With the focus..I gave..To my birthday candles.
Your probably wondering what happened to my blog..I deleted it. I want to put that all in the past. I put a lot of my life out there, good and bad. I will continue to do so, but speak more about myself, rather than other people. I understand that sometimes I come off offensive. I’ve been living with a “f*ck you, and you and you, I paid my dues, did my time, and I can say whatever the fuck I want” mentality. I realise I might have hurt a lot of people’s feelings. I am angry and judgemental and now that I’ve realized that, I can make a change.
I woke up at 7 this morning, nothing new..I’ve been asleep at 10pm every night this week, and awake from 4am to about 6 or 7am in the morning. My problem isn’t falling asleep, Its staying asleep. I guess I’ve got too much on my mind.
My birthday is in 3 weeks, I’m counting. I made a promise to myself this morning that I would make some dramatic changes when I turn 22, this new blog is just a small snippet of whats yet to come. I want to upgrade myself, educate myself more, and become a better person. My biggest accomplishment will be forgiving and forgetting, I need to rid myself of regret and resentment. No more talking about my last romance, I’m putting it all behind me.
I gave myself a project to get back into my creative side. I’m going to attempt to make my own costume, I’m going to be a showgirl but from the looks of it I’m going to be a showgirl/peacock. I went all over the world on Friday trying to complete my checklist-corset, peacock feathers, feather boa, head-dress, and shoes. I managed to find a cheap corset off of 82nd Street. in queens, then ran to reminiscence where I found tons of head pieces, luckily my Burlesque mentor Scarlet Sinclair (she’s going to be teaching me the skills of burlesque) had extra peacock feathers from her burlesque costume making days. $20 for a stack of peacock feathers is pretty sweet.

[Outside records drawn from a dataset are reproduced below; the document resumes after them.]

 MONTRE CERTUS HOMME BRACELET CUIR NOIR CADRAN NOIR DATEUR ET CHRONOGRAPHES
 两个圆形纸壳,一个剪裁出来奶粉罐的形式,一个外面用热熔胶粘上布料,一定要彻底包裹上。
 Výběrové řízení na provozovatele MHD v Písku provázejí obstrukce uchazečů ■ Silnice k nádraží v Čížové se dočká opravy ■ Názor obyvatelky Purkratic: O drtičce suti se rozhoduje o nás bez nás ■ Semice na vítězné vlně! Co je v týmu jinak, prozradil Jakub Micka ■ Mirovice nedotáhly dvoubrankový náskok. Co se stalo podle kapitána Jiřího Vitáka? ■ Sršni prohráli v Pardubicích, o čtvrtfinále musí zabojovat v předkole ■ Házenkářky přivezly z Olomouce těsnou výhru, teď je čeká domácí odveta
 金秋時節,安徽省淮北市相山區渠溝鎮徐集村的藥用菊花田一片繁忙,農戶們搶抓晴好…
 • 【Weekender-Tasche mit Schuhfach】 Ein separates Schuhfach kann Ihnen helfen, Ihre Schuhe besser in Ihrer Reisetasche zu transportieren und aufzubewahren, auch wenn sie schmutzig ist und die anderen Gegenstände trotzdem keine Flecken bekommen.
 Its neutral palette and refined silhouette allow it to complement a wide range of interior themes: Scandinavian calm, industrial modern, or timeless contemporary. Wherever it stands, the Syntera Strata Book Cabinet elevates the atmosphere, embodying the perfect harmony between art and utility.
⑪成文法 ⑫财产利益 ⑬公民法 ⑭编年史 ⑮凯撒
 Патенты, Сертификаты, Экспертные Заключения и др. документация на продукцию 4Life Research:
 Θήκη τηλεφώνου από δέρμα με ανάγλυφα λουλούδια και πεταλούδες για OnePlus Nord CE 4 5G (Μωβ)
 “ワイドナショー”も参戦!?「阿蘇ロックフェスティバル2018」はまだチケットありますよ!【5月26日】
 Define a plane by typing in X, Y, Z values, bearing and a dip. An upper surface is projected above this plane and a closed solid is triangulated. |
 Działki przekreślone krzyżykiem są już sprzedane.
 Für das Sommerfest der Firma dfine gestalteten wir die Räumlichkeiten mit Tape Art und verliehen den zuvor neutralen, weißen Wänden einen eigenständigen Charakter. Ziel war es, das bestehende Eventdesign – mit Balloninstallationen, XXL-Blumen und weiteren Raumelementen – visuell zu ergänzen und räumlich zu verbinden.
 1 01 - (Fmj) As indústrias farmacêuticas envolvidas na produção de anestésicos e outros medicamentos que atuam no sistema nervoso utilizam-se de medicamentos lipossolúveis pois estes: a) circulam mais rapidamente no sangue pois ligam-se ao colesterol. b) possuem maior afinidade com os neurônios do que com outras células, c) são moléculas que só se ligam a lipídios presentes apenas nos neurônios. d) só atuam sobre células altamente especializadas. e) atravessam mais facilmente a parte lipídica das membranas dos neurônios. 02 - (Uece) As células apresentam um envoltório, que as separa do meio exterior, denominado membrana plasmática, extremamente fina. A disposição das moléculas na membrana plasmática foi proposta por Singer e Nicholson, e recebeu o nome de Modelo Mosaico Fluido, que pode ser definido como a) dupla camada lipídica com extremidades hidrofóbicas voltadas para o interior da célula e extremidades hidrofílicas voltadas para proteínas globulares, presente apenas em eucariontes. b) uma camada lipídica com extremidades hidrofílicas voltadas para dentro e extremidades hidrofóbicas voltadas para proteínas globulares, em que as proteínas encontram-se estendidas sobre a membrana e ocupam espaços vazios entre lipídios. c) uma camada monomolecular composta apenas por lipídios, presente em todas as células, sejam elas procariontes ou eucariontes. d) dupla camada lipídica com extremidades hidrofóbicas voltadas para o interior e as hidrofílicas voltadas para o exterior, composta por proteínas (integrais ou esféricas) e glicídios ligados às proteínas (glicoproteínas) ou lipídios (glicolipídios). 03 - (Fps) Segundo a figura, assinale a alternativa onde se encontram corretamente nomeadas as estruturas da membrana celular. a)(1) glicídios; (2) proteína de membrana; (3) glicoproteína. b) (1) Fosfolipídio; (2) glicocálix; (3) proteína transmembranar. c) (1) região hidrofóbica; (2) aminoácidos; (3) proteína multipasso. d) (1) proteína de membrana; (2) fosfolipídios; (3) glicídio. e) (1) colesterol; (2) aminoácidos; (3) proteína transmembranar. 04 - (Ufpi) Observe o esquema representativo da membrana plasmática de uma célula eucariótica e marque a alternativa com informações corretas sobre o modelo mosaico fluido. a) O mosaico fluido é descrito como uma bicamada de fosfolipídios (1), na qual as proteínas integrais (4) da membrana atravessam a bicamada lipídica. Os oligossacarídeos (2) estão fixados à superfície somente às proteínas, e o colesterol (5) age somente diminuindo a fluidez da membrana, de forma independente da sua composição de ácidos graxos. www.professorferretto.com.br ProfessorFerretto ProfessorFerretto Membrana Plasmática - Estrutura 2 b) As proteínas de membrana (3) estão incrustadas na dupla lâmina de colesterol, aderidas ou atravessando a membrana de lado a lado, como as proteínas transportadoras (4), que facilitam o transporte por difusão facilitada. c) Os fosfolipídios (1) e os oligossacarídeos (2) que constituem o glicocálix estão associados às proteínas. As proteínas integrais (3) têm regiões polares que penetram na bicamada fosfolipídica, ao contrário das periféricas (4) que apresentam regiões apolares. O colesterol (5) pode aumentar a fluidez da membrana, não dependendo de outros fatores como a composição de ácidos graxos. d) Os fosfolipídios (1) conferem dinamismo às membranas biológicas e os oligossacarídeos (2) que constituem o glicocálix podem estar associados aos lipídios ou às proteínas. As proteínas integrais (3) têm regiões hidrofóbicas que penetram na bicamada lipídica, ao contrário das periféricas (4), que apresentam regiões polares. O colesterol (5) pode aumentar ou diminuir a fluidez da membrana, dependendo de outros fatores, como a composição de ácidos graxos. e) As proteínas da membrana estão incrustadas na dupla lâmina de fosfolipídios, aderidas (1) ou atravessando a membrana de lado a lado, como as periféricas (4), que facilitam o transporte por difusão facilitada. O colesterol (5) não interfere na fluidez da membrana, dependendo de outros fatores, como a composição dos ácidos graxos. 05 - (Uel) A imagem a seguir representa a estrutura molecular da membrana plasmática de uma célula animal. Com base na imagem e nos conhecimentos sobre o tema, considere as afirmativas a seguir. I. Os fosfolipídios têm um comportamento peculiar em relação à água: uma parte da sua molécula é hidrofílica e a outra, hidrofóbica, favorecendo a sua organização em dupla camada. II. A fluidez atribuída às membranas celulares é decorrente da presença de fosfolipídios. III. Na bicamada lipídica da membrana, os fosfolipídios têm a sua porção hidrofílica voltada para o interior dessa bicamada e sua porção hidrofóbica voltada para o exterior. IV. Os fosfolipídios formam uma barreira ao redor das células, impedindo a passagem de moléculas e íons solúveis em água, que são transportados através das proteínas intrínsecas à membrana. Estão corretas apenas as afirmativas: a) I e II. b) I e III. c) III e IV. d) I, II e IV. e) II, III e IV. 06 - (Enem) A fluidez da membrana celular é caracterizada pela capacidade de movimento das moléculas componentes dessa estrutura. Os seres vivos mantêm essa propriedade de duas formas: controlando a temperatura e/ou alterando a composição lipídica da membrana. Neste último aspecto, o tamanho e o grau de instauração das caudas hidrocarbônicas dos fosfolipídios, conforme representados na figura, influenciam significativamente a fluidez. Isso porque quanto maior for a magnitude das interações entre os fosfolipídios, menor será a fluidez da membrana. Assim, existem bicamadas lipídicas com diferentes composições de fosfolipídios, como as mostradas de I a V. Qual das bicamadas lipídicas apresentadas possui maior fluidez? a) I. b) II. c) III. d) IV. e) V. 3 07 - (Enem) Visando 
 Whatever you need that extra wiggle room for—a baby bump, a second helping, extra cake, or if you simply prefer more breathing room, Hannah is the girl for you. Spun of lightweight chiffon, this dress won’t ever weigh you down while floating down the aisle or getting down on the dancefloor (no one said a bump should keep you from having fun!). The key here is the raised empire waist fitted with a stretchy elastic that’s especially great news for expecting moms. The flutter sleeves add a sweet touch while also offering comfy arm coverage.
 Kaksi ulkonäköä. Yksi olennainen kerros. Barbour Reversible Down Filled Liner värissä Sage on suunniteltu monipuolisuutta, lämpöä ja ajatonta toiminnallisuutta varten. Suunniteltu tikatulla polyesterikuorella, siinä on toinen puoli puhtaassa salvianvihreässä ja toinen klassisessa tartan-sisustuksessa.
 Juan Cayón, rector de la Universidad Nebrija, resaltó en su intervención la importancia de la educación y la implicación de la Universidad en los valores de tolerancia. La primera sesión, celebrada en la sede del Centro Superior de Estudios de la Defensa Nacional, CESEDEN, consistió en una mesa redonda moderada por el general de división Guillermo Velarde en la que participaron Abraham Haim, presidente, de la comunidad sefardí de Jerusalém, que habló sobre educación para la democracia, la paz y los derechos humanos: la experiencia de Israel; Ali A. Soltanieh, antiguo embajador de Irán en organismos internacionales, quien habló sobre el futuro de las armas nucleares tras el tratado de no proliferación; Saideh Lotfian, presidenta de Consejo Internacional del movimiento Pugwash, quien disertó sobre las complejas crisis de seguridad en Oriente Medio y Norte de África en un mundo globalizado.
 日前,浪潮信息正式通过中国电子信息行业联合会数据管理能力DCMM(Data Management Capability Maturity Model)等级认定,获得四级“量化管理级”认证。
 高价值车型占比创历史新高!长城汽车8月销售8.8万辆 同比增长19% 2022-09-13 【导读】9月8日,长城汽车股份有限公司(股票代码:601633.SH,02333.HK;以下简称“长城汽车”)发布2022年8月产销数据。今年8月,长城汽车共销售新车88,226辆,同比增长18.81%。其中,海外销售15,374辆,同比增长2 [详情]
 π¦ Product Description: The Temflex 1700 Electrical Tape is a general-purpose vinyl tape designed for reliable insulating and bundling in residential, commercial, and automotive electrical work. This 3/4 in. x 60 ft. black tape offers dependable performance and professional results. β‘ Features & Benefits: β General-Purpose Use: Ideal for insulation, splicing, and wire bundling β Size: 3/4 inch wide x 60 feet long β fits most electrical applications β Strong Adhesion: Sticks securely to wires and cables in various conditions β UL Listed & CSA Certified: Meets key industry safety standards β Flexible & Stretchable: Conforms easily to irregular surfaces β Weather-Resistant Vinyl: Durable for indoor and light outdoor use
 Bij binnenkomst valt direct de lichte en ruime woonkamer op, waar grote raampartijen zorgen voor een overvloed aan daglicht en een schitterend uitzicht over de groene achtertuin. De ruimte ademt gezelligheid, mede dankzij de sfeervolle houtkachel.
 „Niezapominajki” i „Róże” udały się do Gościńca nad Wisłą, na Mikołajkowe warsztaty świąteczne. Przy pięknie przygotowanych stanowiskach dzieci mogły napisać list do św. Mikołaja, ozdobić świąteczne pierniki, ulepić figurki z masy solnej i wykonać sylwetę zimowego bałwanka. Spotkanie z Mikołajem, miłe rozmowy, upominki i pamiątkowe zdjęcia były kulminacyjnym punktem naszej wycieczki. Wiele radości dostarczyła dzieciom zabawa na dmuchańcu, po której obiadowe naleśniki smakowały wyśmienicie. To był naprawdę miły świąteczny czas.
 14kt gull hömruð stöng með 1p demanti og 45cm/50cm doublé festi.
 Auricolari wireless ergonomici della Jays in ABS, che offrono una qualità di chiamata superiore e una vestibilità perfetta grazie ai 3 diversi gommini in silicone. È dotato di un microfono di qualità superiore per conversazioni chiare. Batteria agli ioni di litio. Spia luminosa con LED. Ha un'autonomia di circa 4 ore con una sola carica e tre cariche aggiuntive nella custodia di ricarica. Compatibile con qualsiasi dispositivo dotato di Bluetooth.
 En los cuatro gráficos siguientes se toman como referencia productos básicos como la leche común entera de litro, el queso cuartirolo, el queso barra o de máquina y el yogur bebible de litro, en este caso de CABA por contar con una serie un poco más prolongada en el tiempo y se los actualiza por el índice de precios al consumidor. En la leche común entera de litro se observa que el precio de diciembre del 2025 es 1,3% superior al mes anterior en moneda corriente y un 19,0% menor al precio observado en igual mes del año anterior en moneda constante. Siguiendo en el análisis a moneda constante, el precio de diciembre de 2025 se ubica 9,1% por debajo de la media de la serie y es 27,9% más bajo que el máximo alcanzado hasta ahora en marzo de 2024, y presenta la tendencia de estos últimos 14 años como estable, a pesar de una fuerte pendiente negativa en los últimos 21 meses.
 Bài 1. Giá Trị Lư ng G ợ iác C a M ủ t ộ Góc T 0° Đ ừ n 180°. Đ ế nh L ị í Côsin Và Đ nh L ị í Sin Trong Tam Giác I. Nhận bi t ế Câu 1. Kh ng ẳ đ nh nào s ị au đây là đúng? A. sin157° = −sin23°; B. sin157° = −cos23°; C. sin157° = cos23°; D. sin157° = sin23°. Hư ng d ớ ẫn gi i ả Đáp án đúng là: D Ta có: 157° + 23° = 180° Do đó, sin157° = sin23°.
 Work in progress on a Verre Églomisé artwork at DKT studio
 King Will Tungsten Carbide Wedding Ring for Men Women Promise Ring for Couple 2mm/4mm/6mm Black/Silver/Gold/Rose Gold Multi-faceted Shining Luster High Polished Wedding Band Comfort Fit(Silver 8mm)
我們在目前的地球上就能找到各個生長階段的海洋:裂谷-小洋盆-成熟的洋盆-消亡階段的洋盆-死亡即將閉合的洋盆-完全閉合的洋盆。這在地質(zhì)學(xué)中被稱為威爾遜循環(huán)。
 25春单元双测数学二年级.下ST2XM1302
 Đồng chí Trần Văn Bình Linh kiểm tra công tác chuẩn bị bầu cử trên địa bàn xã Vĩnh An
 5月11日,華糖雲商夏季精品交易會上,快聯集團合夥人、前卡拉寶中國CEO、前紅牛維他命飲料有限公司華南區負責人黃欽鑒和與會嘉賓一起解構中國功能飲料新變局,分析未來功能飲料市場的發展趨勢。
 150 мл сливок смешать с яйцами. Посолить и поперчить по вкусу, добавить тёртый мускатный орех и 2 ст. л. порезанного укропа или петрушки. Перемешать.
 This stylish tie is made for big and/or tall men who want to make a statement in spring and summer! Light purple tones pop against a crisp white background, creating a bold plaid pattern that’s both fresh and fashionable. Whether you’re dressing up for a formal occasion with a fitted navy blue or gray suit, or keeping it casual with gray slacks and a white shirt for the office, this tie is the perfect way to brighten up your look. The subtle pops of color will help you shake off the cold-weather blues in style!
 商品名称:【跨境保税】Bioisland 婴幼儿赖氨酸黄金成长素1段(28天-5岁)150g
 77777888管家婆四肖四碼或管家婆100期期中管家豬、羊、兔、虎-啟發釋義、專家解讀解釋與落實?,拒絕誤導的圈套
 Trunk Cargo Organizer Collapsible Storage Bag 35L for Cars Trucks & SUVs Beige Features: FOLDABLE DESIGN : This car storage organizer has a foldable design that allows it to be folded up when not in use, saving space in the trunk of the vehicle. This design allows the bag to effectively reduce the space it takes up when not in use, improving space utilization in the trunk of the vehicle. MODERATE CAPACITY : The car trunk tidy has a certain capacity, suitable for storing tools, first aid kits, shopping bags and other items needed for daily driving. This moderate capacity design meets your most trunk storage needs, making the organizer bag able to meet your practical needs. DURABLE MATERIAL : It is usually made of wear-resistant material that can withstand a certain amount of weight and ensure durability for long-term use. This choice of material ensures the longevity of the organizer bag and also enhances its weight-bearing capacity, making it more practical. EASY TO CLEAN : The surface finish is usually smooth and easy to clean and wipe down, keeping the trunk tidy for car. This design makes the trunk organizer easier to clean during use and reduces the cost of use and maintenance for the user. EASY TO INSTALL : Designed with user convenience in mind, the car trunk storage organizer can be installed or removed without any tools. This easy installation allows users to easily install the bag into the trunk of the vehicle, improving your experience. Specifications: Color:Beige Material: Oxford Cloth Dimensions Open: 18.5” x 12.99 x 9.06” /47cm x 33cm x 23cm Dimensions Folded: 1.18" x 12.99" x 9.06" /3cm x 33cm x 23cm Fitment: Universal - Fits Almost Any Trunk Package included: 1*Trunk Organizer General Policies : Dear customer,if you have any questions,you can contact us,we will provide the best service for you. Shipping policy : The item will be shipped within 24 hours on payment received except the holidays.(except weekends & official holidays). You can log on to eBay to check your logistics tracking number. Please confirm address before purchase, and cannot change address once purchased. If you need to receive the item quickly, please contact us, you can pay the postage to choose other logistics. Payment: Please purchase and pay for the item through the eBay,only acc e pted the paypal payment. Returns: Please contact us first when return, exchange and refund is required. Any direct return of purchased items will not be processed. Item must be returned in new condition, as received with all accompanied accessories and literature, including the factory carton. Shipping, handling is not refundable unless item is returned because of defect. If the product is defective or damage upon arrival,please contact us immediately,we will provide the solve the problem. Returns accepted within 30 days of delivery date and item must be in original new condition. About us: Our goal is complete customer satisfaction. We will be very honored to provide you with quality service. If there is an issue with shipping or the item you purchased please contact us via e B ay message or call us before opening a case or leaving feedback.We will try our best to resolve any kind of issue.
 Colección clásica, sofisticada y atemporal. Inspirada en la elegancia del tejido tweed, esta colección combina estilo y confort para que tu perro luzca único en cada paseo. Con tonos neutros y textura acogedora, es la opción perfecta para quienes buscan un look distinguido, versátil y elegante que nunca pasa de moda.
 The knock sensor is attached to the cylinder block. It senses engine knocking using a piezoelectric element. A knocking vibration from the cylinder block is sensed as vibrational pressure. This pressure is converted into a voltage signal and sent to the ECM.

I have a feeling making my costume will come in handy when I get into the burlesque scene, I always underestimate myself, but deep down I know I’m capable of doing anything. I just might surprise myself, gosh do I miss surprises…
This is my first official blog on my first official site. I’m ready to move on, ready for something new, ready for someone to tilt my head towards them, in another direction and tell me that I deserve better and that they can give that to me. I’ve spent too much of my life-giving people an inch and having them take a mile. I just want to free myself from all of it.
Mexico is only 2 weeks away, I have a feeling I’ll come back a changed woman.